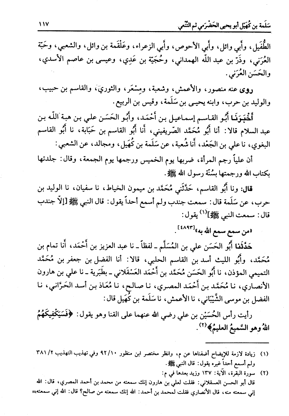 الطفيل وأبي وائل الأحوص وأبي الزعراء وعلقمة بن وائل والشعبي وحبة العرني وذر بن عبد الله الهمداني وحجية بن عدي وعيسى بن عاصم الأسدي والحسن العرني روى عنه منصور والأعمش وشعبة ومسعر والثوري والقاسم بن حبيب والوليد بن حرب وابنه يحيى بن سلمة وقيس بن الربيع أخبرنا أبو القاسم إسماعيل بن أحمد وأبو الحسن علي بن هبة الله بن عبد السلام قالا أنا أبو محمد الصريفيني أنا أبو القاسم بن حبابة نا أبو القاسم البغوي نا علي بن الجعد أنا شعبة عن سلمة بن كهيل ومجالد عن الشعبي أن عليا رجم المرأة ضربها يوم الخميس ورجمها يوم الجمعة وقال جلدتها بكتاب الله ورجمتها بسنة رسول الله (صلى الله عليه وسلم) قال ونا أبو القاسم حدثني محمد بن ميمون الخياط نا سفيان نا الوليد بن حرب عن سلمة قال سمعت جندب ولم أسمع أحدا يقول قال النبي (صلى الله عليه وسلم) إلا جندب قال سمعت النبي (صلى الله عليه وسلم) (1) يقول: من سمع سمع الله به حدثنا أبو الحسن علي بن المسلم لفظا نا عبد العزيز بن أحمد أنا تمام بن محمد وأبو الليث أسد بن القاسم الحلبي قالا أنا الفضل بن جعفر بن محمد التميمي المؤذن نا أبو الحسن محمد بن أحمد العسقلاني بطبرية نا علي بن هارون الأنصاري نا محمد بن أحمد المصري نا صالح نا معاذ بن أسد الحراني نا الفضل بن موسى الشيباني نا الأعمش نا سلمة بن كهيل قال رأيت رأس الحسين بن علي Bهما على القنا وهو يقول " فسيكفيكهم الله وهو السميع العليم " (2)
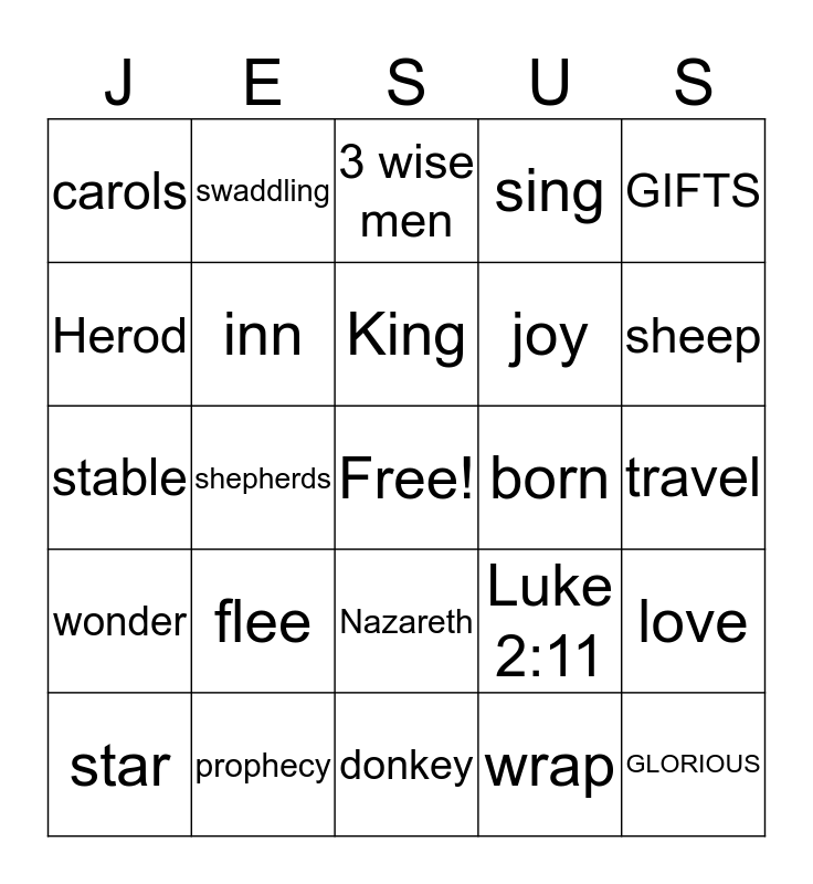 This bingo card has a free space and 74 words: Mary, Joseph, 3 wise men, Dec 25, manger, baby, JOHN 3:16, Jesus, star, nativity, Emmanuel, Redeemer, King, Herod, Messiah, shepherds, flock, sheep, lamb, stable, inn, swaddling, sing, tidings, GLORIOUS, REJOICE, EGYPT, PRAISE, MAGI, CAMELS, GIFTS, MYRRH, FRANKINCENSE, ALLELUIA, hay, wrap, Bethlehem, holy, virgin, Advent, donkey, prophecy, Christmas, Christ, savior, carols, goodwill, flee, give, celebrate, tax, angel, travel, miracle, pray, worship, Nazareth, faith, hope, love, joy, peace, wonder, awe, born, Luke 2:8,9, Gal 4:4,5, Isaiah 9:6, Luke 2:11, Bible, Matt 1:23, Isaiah 7:14, Matt 1:21 and Luke 1:35.
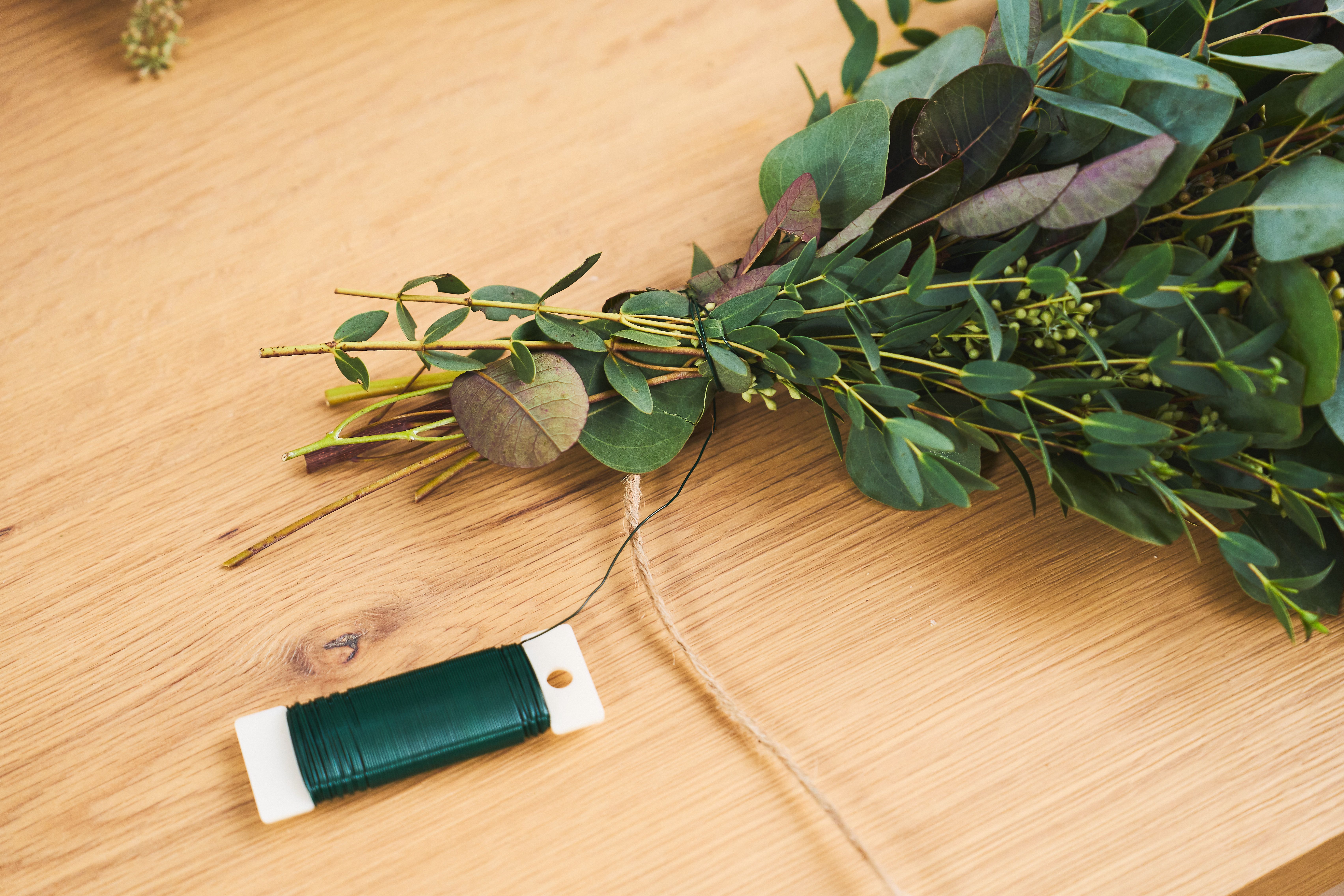 Step 2: Twist & wrap your paddle wire around the base of each bundle to secure it to your wreath frame or twine.
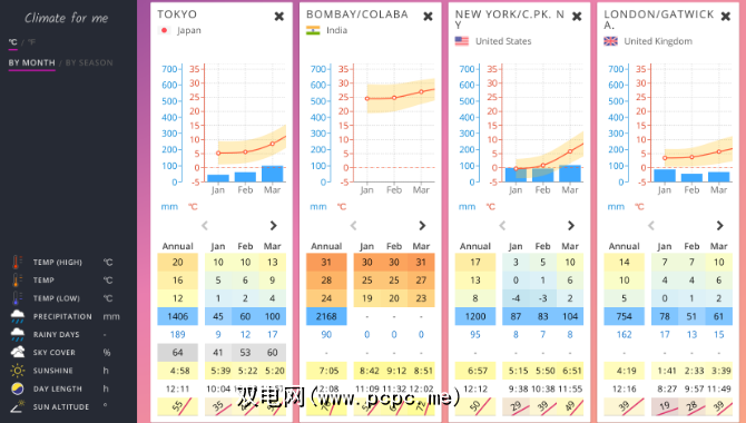 乍一看,该网络应用似乎有些吓人,但并不像看起来那么难。搜索多个城市以将其并排添加。向下滚动至表格以查看各种天气指标的年度值,以及逐月的变化。
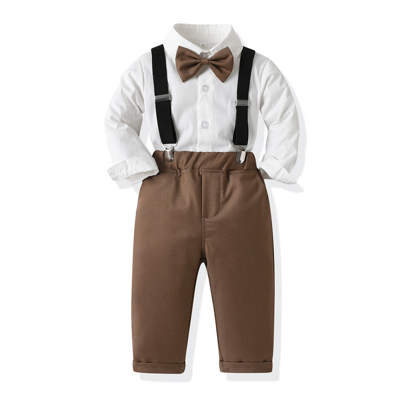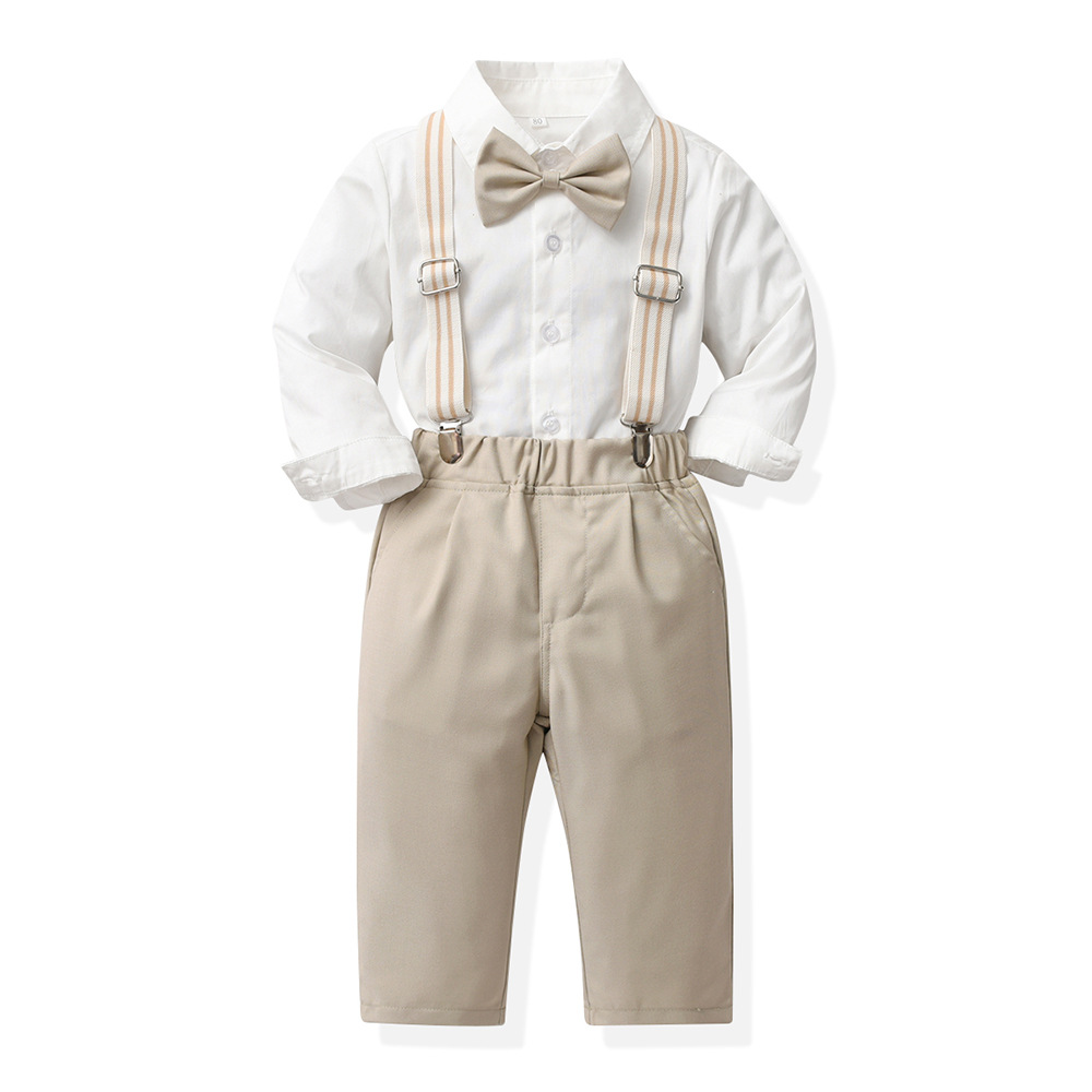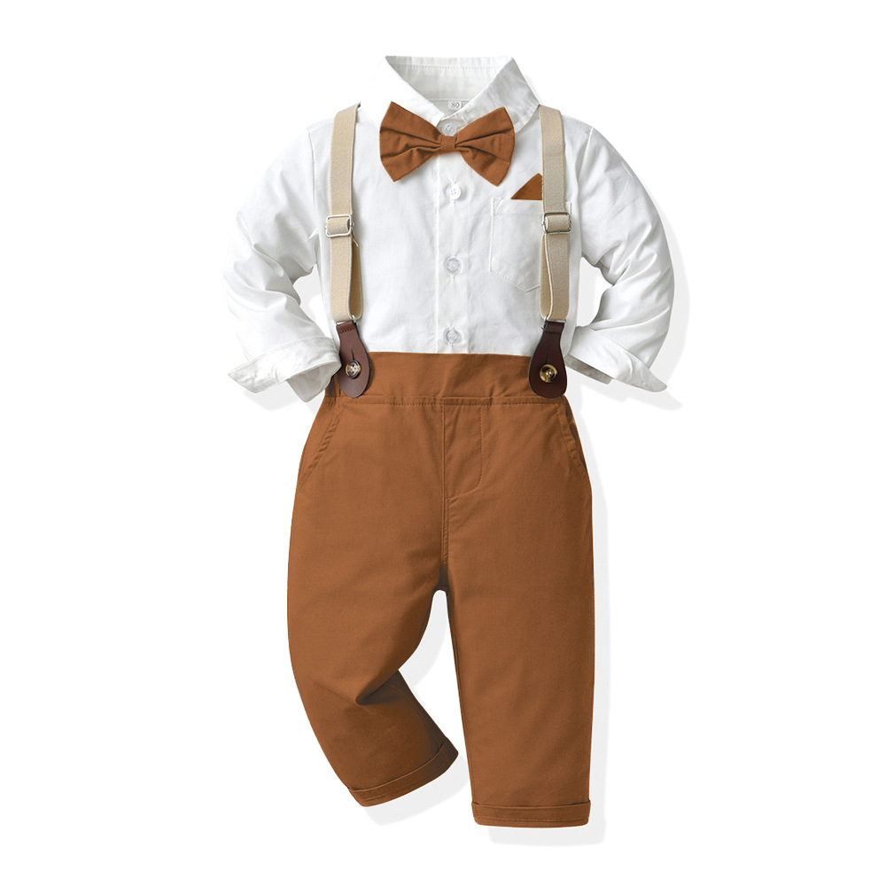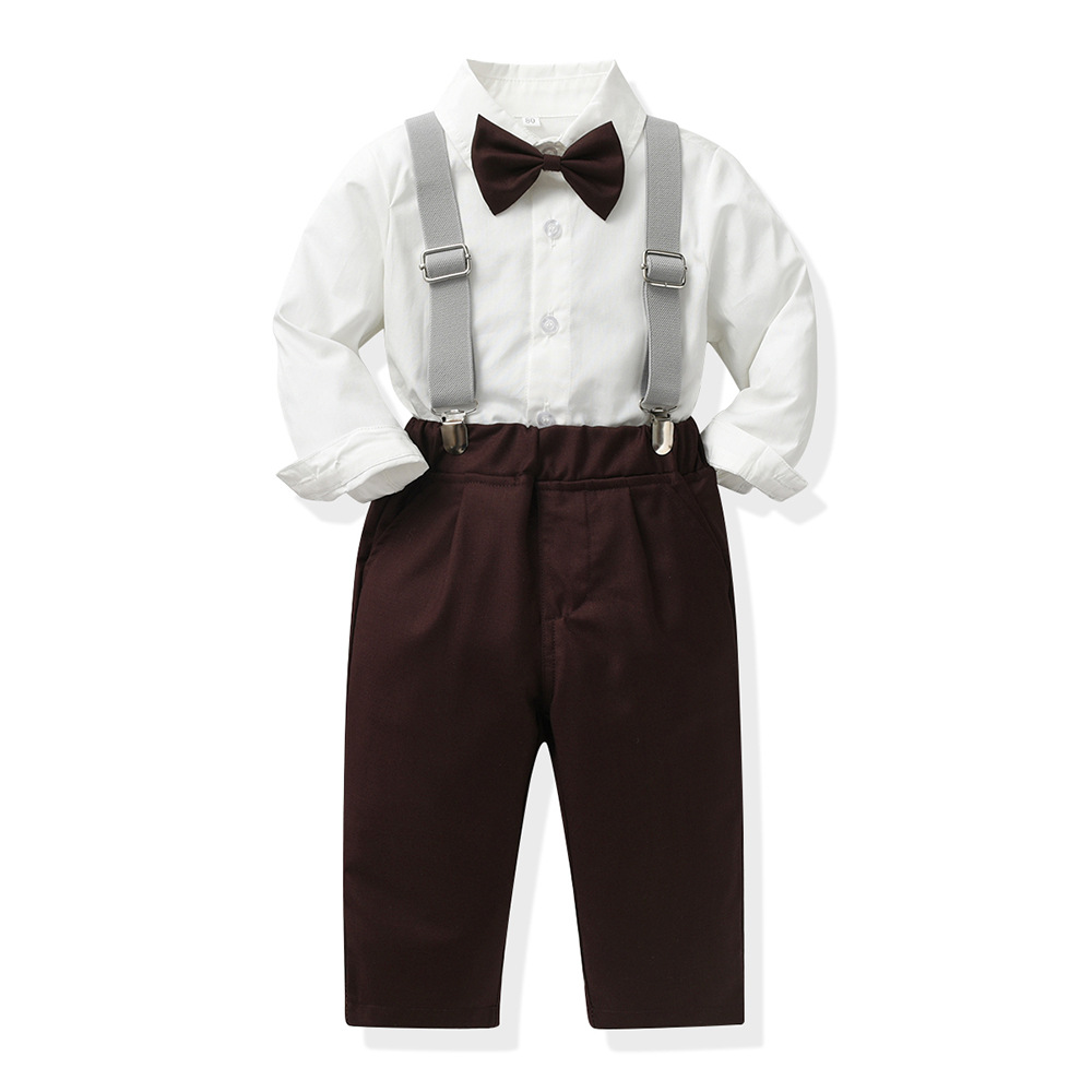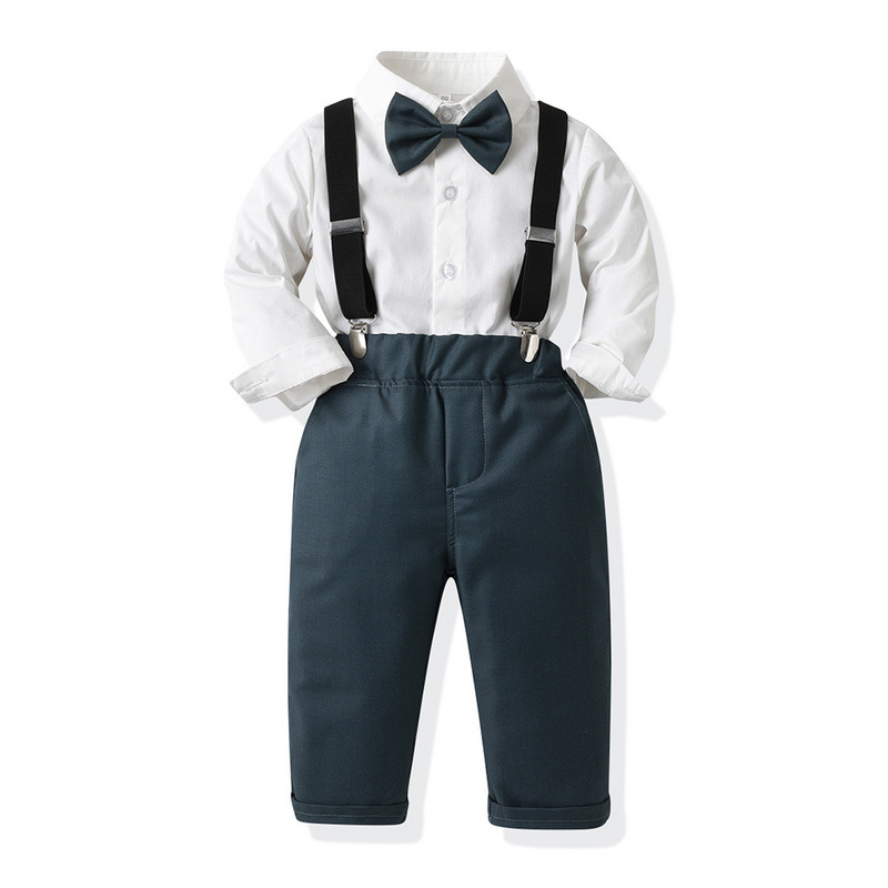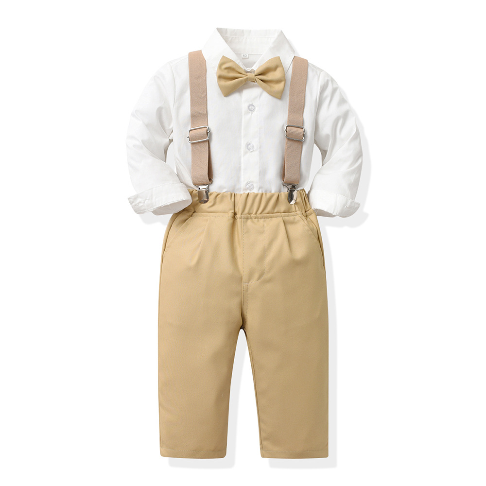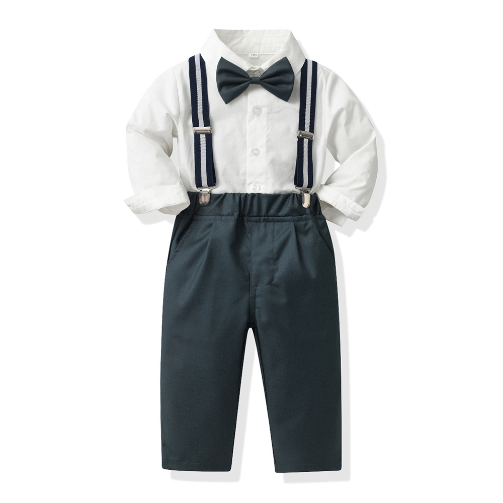 kid's clothing Boys' dress long sleeve bow cotton shirt children's suit suspenders multi-piece set

What you will do:
Would you set down, word for word, the lines running from the one that contains "乍一看,该网络应用似乎有些吓" to the last line of the material, omitting all pictures?

Exercise solution:
 乍一看,该网络应用似乎有些吓人,但并不像看起来那么难。搜索多个城市以将其并排添加。向下滚动至表格以查看各种天气指标的年度值,以及逐月的变化。
 kid's clothing Boys' dress long sleeve bow cotton shirt children's suit suspenders multi-piece set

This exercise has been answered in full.